- ACTIVITY: Would you print exactly the lines that begin the listing and continue through the line holding "続いてクリーム色のリペアは、"? No pictures, please.

- EXERCISE DATA:
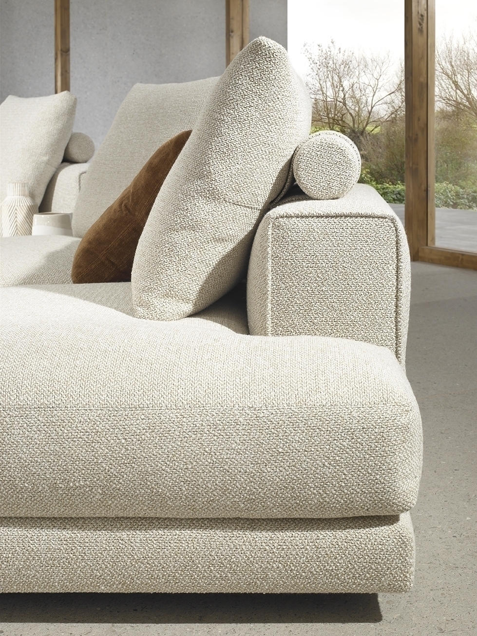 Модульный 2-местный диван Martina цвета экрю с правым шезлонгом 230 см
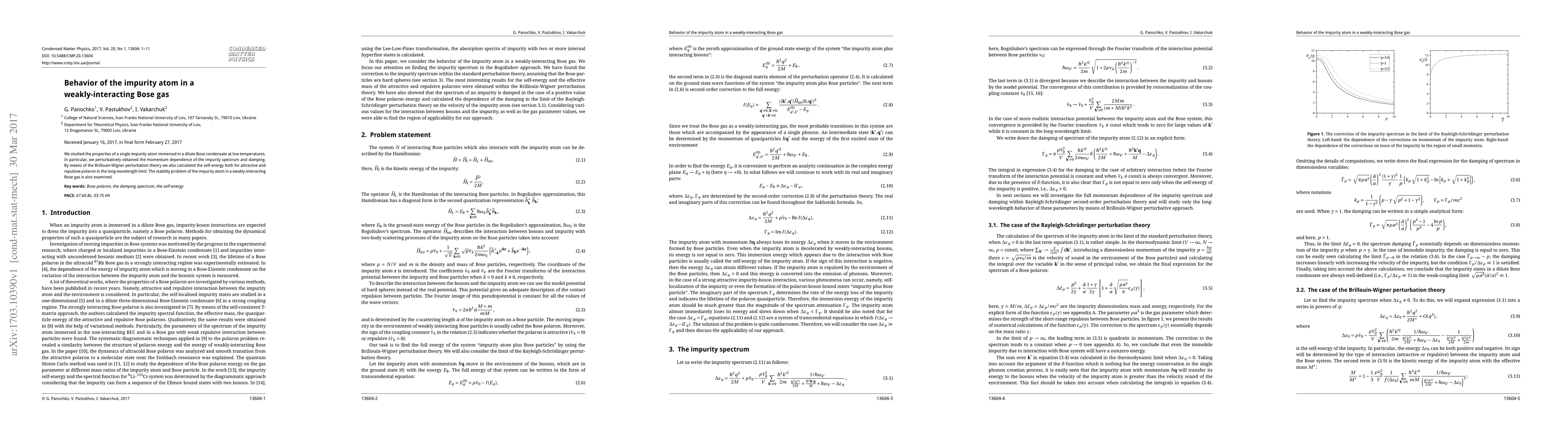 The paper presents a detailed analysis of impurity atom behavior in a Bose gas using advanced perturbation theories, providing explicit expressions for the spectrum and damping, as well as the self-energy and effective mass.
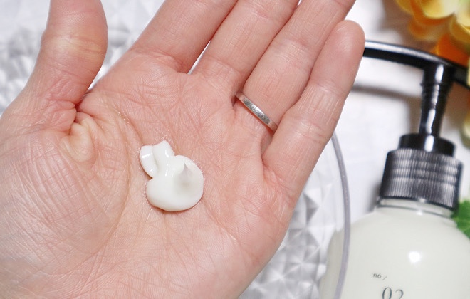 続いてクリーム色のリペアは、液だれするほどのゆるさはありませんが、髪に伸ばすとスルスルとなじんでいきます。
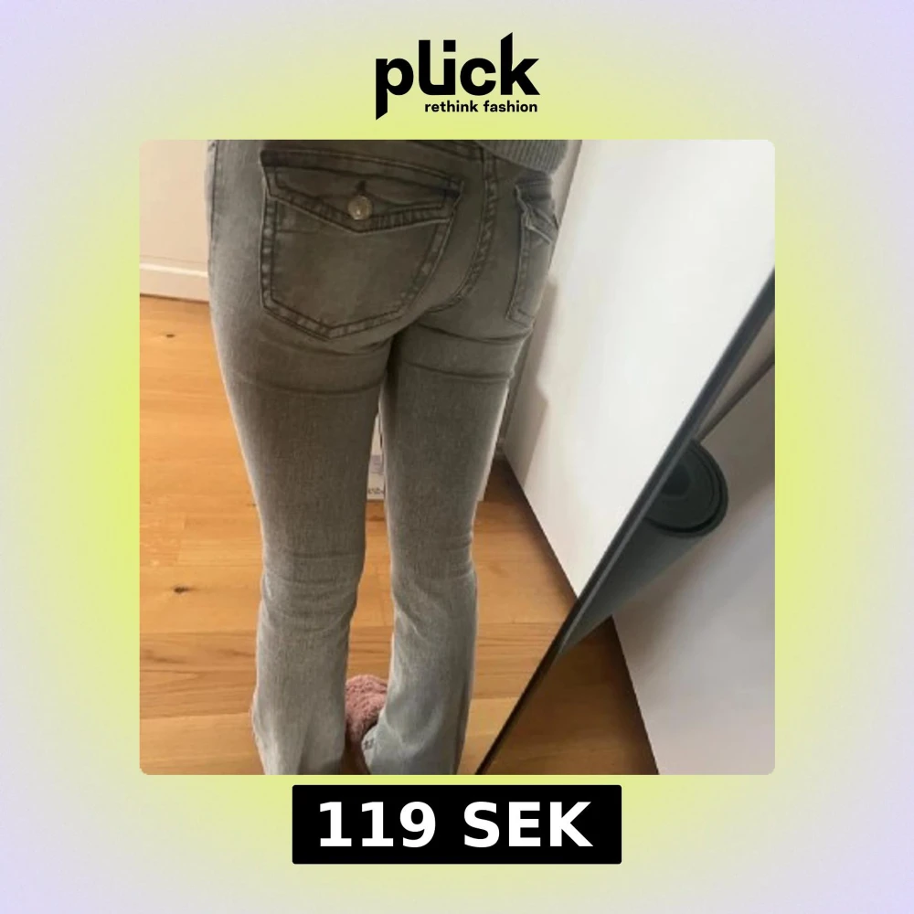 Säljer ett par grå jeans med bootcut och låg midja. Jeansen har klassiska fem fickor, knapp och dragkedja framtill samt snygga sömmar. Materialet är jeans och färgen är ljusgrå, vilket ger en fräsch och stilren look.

- OUTPUT FOR THIS TASK:
 Модульный 2-местный диван Martina цвета экрю с правым шезлонгом 230 см
 The paper presents a detailed analysis of impurity atom behavior in a Bose gas using advanced perturbation theories, providing explicit expressions for the spectrum and damping, as well as the self-energy and effective mass.
 続いてクリーム色のリペアは、液だれするほどのゆるさはありませんが、髪に伸ばすとスルスルとなじんでいきます。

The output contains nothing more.